“The murderers’ children are no murderers…But we can hold them accountable for how they handle the memory of the crime of their ancestors.” This was how survivor Sabina van der Linden quoted another survivor, Elie Wiesel. They spoke for six million Jews that were murdered during the Second World War by German perpetrators. These words were spoken during the inauguration of the Memorial to the Murdered Jews of Europe on May 10, 2005. In 1988, West German intellectuals proposed building a memorial that would commemorate the Jewish victims. It was to be built in Berlin, where the Nazi rulers had decided on and directed the Holocaust. The year after this initiative, the Wall fell, Berlin was united and became the capital once again. In Berlin, now growing together, new locations presented themselves. The choice fell on an area near the Brandenburg Gate. This had previously been the border strip and even earlier the gardens of ministries. Hitler’s Reichskanzlei, in English Reich Chancellery, and bunker were located right next door. New government buildings emerged in the surrounding area, and so the site also carried a message: in the centre of political power, reunited Germany was taking a stance for the murdered Jewish children, women and men.
Regarding the design of the memorial, opinions varied strongly.

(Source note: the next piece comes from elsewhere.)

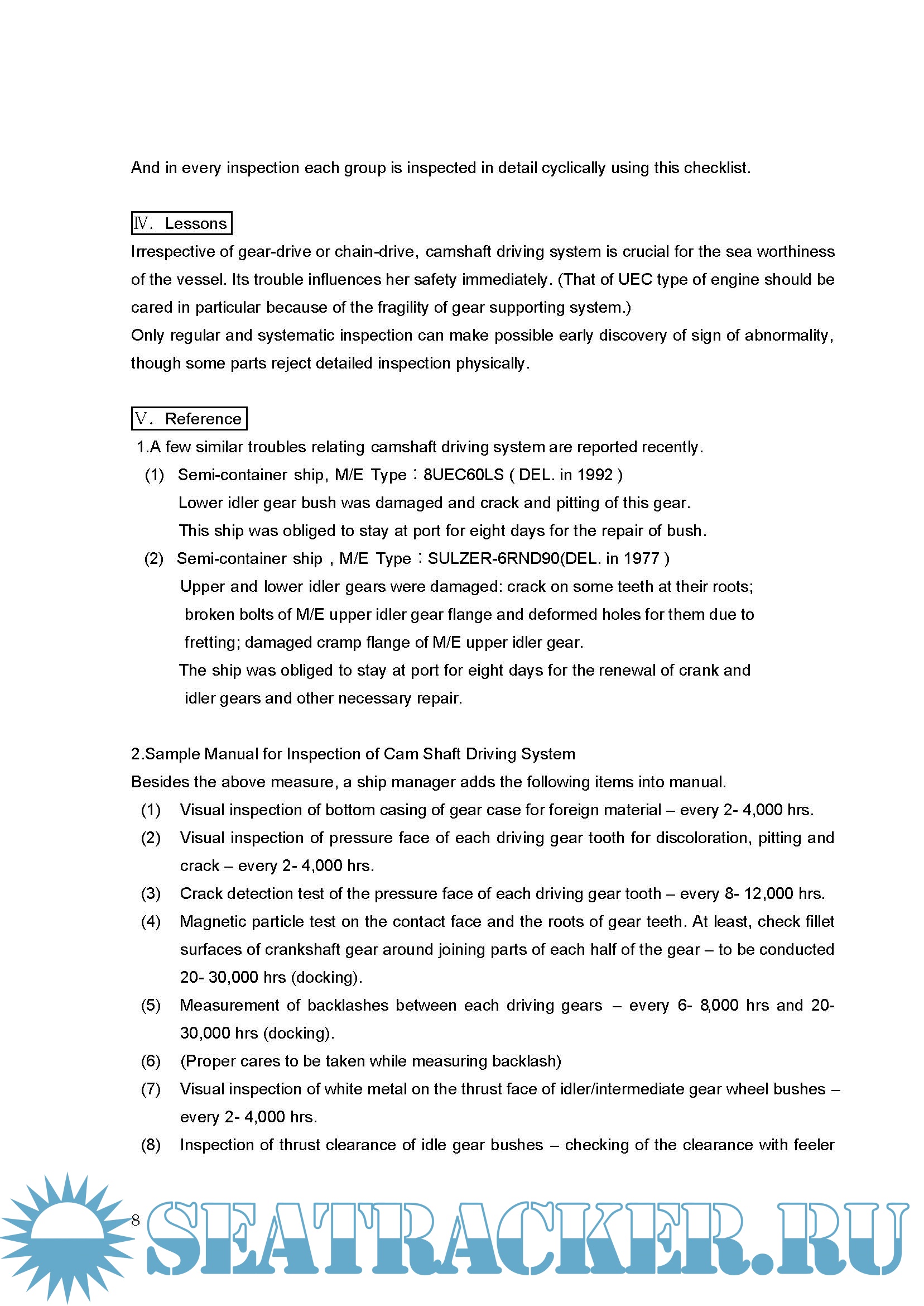 Year: 2001 Language: english Author: Mitsui O.S.K. Lines Publisher: Mitsui O.S.K. Lines Format: PDF Quality: eBook Pages count: 322 Description: We, in the group of Mitsui O.S.K. Lines, currently operate about 500 vessels. According to the statistics of vessel accidents in 2000 contained in data base for MOL-operated vessels (refer to the attached charts), the incidence of accidents (breakdowns which actually affected ships’ schedules or those which had such a potential) was as high as 0.94 case per vessel. Ever since 1996 when statistics were first compiled, about 40% of the accidents which occurred with vessels under our operation, are related to ships’ machinery. It is said that about 80% of accidents with ships are attributed to human error but this statistical figure is not directly applicable to engine-related damage. It is because the engine of a ship is a “man-machine system” operated with man and machinery complementing each other and, as a result, accidents of machinery always involve human beings. The causes of engine accidents are varied, but statistics of engine damage show that structural defects, and problems with design or workmanship, largely account for such accidents. We do not encounter, with a high frequency, cases where the mishandling of equipment and instruments on the part of crew members directly contributed to accidents. There is also a tendency for similar accidents to occur on board many vessels with similar specifications. Essentially, even if it is possible to reduce the number of failures of equipment and instruments or human errors, it is impossible to bring it to “zero”. It is, therefore, important that, in order to prevent accidents, a breakdown or failure, if incurred, be averted from developing into a serious event. This means that crew members are required to recognize abnormal engine conditions as such as early as possible and stop or arrest, in the process, the flow toward degradation of the failure to a seriousaccident. In order to realize that various phenomena (e.g., temperature, sound, pressure, leak, discoloration) which appear in equipment and instruments are signs which may precede subsequent accidents, experience as a professional is naturally required. However, in reality, there is a limit to the experience one engineer can have in the performance of his duties on board vessels. It is, therefore, important to sufficiently analyze accidents which have occurred on board other vessels and utilize such analyses as lessons to prevent accidents of similar kinds. The Marine Engineering Group, Marine Division, shoulders the role to make continued efforts to investigate into causes of machinery damage and, on the basis of such investigations, determine guidelines for the operation of engines on board vessels under our operation. This time, we have put a large number of engine trouble cases in perspective in terms of the cause, countermeasure and lesson, to compile this set of “Engine Accident Cases”. We request you to take full advantage of this material for training those who embark vessels under MOL’s operation as engineers, thereby to prevent the occurrence of engine-related accidents.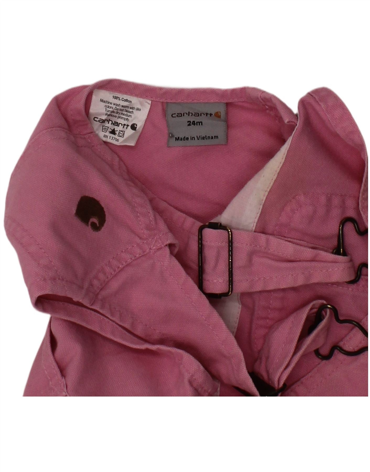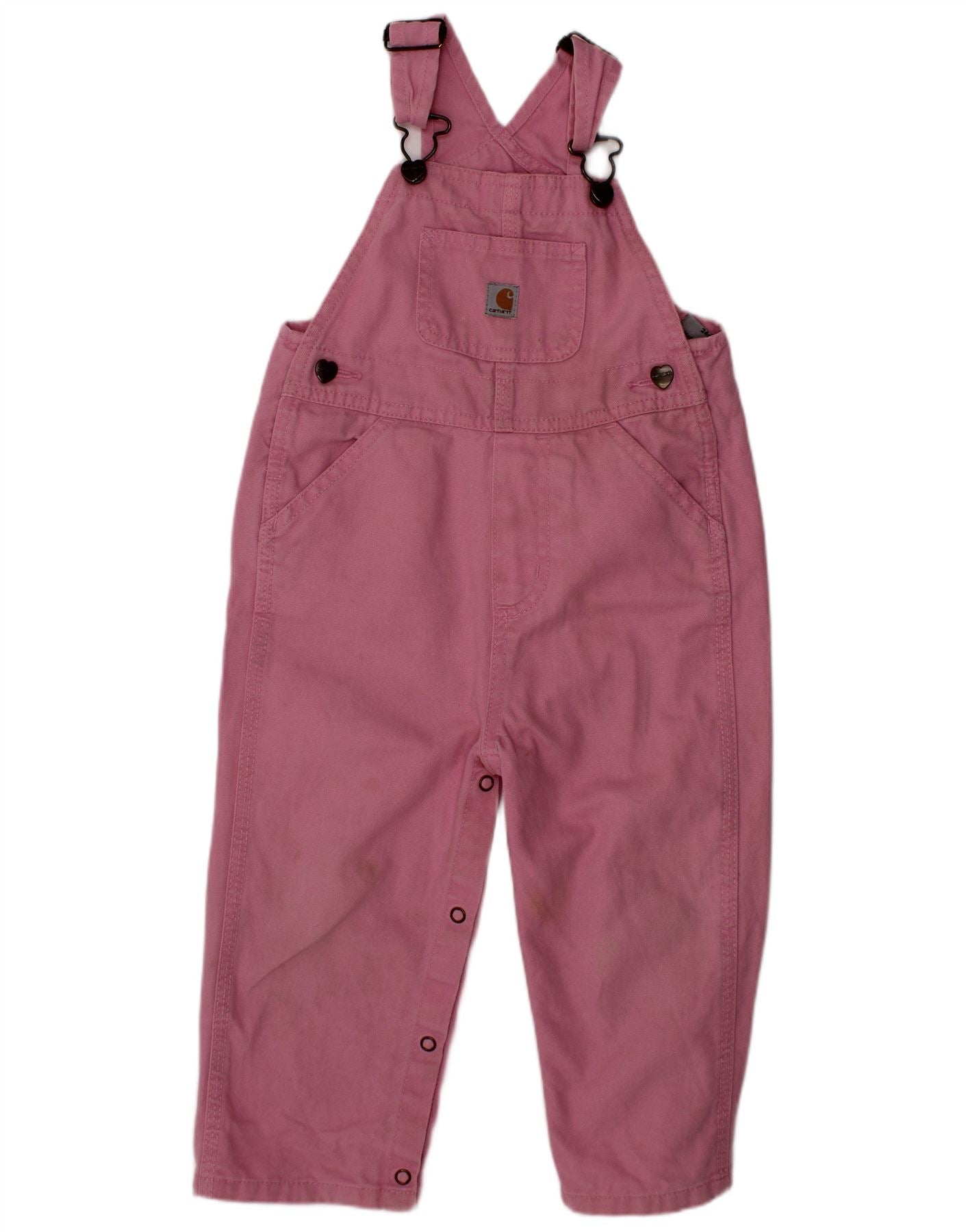 - AI Description: This Carhartt baby girls' jumpsuit is crafted from soft 100 cotton woven fabric in a charming pink hue. It features a regular fit for comfortable movement. The design includes practical pockets and adjustable buckle closures for a secure fit. Cuffed details add a neat finish. A subtle logo accent completes this durable and stylish piece.

The result of an initial competition was discarded, the winning design of the second competition was significantly changed. It came from the New York architect Peter Eisenman. On an area of two and a half football fields, 2,700 concrete stelae were to be built. They all have the same base area and stand in the same small distance to each other, but are between a few centimetres and 4.7 metres high and have different inclinations. During the inauguration, Bundestag President Wolfgang Thierse noted that the memorial enables “a sensual-emotional idea of loneliness, distress, threat. It does not enforce anything.”
The memorial was approved by the Bundestag in 1999, as was the historical exhibition at the Information Center and the foundation that takes care of the memorial. Their purpose is “the commemoration of the National Socialist genocide of the Jews of Europe.” This led to debates about how to deal with other groups of victims. For the most part, however, this is not noticeable in the everyday life of tourists: the memorial attracts millions of visitors each year.